Assigned task: Shown below is a listing with pictures; reproduce exactly, and only, the lines between the ones containing "- Magpahid ng" and "在了解事情经过后,工作人员将", inclusive, leaving the pictures out.

Data:
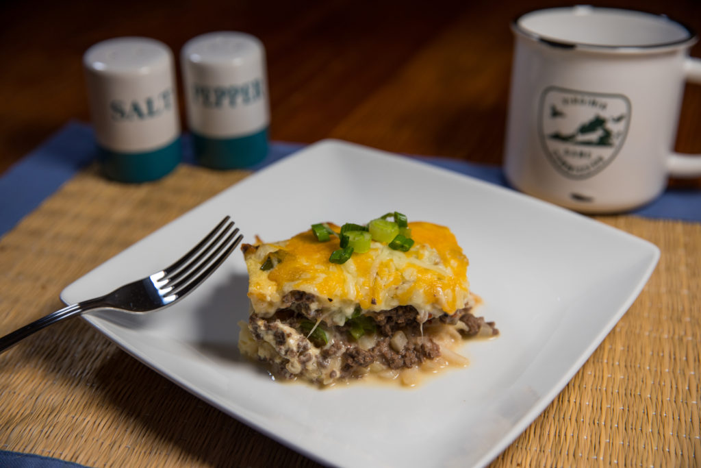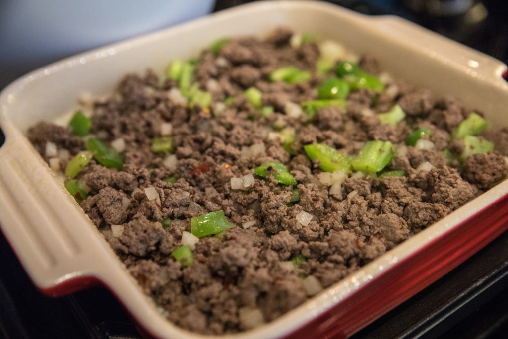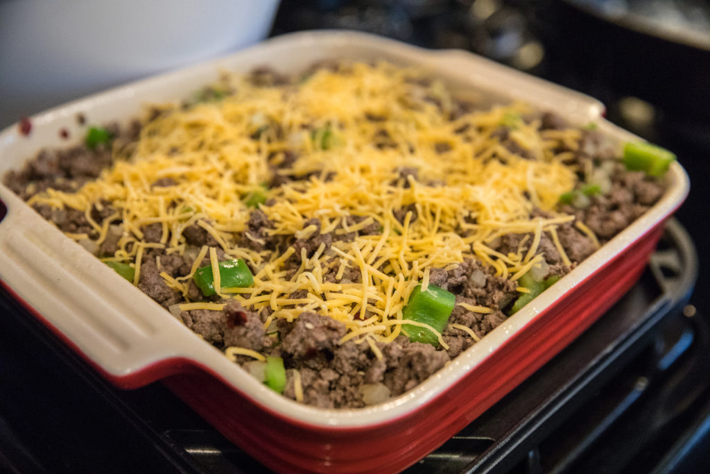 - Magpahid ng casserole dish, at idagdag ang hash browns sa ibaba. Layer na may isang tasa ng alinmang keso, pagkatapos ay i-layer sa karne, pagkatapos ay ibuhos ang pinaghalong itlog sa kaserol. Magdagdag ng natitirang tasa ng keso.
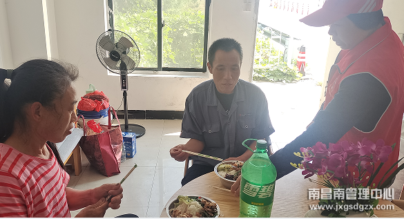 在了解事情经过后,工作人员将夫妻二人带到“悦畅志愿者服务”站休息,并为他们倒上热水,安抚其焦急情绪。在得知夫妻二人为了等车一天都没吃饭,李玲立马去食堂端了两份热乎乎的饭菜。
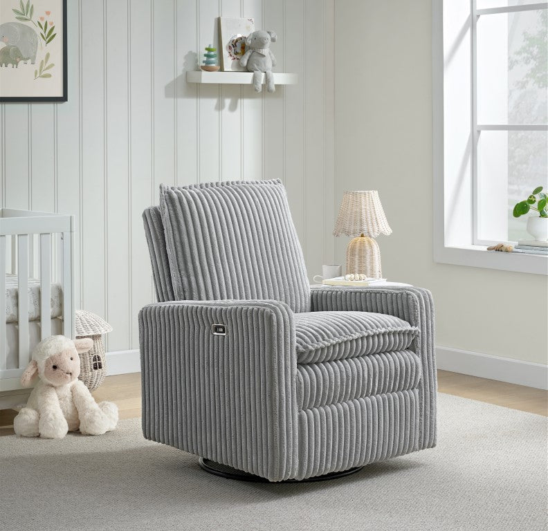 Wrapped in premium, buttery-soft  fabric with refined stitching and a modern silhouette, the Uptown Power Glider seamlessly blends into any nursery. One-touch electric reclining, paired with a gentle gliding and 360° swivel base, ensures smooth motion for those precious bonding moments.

...

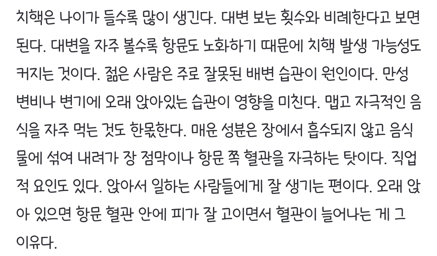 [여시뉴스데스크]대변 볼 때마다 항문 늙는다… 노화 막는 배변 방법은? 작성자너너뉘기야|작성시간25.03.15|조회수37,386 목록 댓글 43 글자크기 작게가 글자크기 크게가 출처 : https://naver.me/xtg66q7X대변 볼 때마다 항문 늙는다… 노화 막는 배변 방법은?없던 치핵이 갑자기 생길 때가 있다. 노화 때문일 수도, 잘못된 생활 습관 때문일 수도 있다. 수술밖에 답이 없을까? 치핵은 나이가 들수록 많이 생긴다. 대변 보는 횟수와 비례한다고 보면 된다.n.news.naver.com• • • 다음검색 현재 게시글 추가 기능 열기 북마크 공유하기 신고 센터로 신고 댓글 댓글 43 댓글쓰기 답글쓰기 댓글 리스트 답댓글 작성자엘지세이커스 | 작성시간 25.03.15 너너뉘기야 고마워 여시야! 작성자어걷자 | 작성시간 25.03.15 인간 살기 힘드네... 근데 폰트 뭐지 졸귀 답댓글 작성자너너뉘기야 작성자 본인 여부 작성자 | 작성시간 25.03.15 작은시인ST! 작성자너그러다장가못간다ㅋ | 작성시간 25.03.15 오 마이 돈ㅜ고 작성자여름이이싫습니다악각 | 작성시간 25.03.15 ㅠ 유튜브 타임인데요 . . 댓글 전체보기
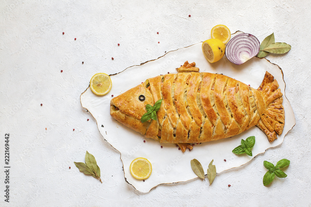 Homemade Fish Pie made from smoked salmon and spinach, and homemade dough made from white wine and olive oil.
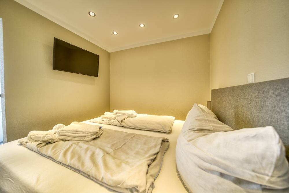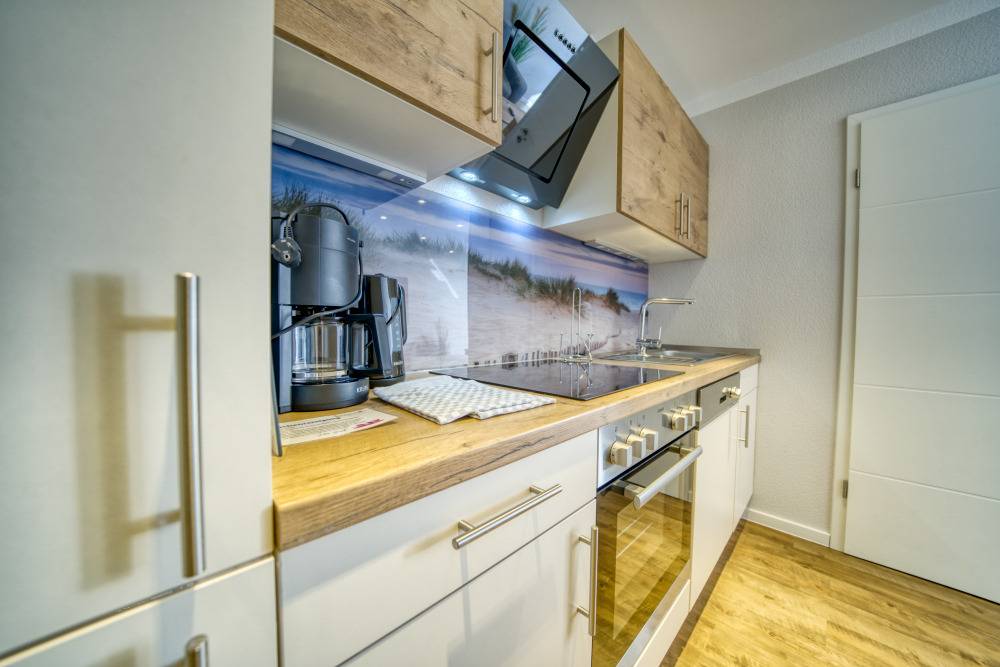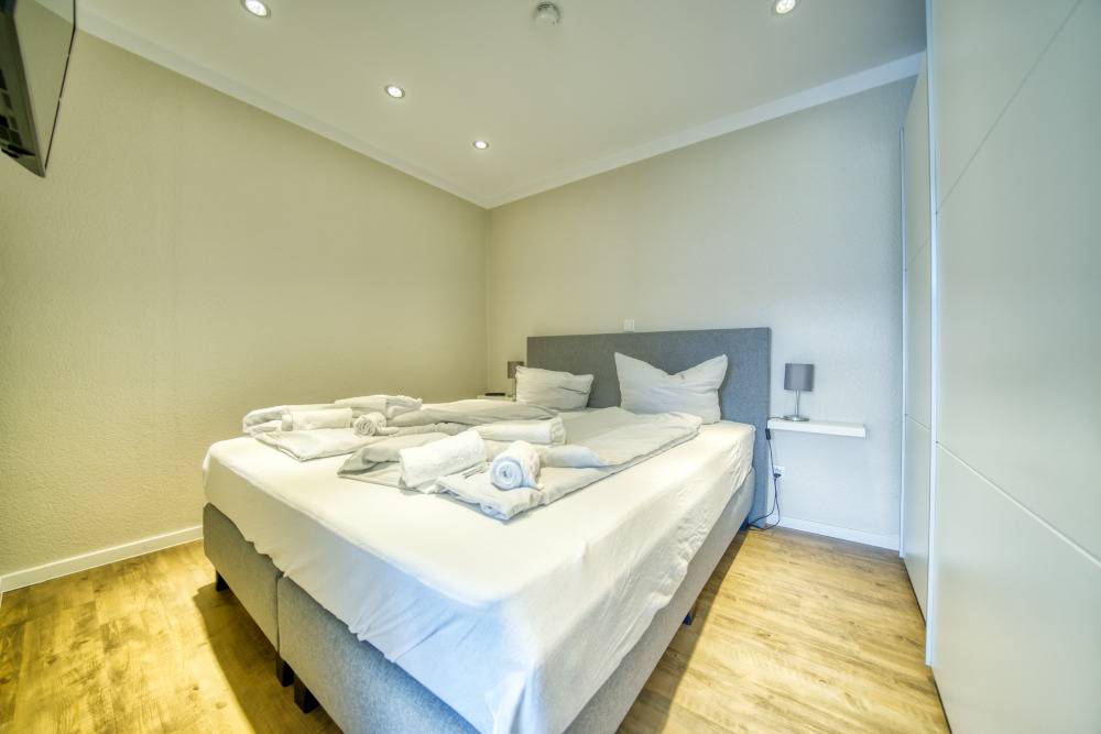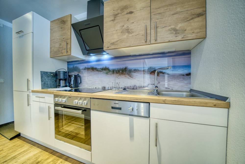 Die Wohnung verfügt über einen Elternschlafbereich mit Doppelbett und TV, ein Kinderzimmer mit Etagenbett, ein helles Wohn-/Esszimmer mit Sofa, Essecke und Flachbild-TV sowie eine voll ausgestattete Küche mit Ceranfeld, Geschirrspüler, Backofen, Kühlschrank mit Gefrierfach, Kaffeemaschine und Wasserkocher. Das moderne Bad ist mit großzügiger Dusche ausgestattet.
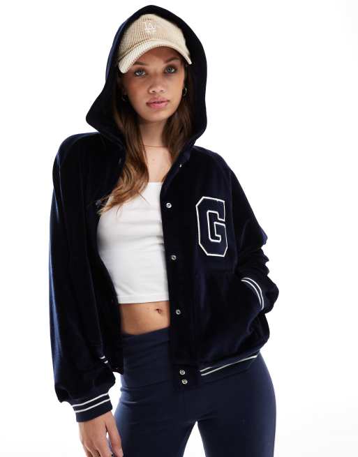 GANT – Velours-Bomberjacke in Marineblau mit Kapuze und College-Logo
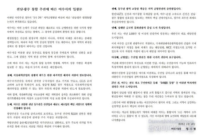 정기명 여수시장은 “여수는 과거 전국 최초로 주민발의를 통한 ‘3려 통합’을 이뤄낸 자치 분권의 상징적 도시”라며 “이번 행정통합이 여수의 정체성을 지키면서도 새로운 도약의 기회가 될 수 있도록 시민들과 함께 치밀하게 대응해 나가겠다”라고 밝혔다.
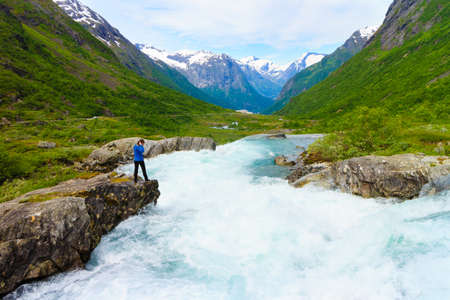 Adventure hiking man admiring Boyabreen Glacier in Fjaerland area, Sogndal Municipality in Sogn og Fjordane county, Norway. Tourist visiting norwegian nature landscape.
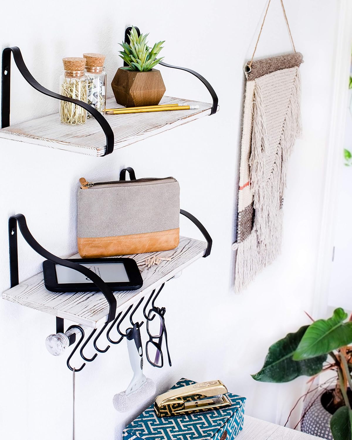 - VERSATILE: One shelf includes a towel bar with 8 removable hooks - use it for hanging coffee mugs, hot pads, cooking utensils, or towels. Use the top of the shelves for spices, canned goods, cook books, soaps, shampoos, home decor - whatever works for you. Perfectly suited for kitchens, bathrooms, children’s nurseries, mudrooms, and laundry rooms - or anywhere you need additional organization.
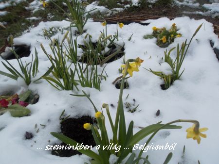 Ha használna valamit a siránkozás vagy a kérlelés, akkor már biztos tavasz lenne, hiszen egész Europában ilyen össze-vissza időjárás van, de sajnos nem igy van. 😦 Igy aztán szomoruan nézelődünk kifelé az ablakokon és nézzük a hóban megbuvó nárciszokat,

==

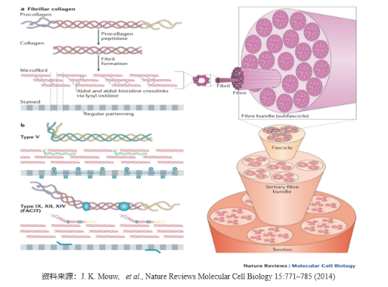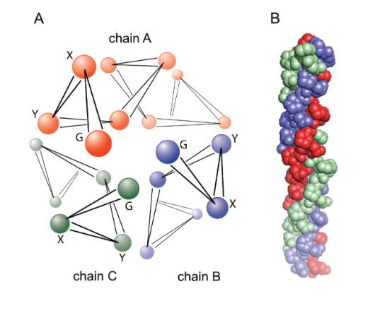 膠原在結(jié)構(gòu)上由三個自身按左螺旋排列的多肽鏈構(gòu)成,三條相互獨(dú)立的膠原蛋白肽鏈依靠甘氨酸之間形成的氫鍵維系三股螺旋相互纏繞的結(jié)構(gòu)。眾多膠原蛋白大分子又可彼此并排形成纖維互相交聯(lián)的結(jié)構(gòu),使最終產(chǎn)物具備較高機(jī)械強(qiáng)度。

Solution to this task:
 - Magpahid ng casserole dish, at idagdag ang hash browns sa ibaba. Layer na may isang tasa ng alinmang keso, pagkatapos ay i-layer sa karne, pagkatapos ay ibuhos ang pinaghalong itlog sa kaserol. Magdagdag ng natitirang tasa ng keso.
 在了解事情经过后,工作人员将夫妻二人带到“悦畅志愿者服务”站休息,并为他们倒上热水,安抚其焦急情绪。在得知夫妻二人为了等车一天都没吃饭,李玲立马去食堂端了两份热乎乎的饭菜。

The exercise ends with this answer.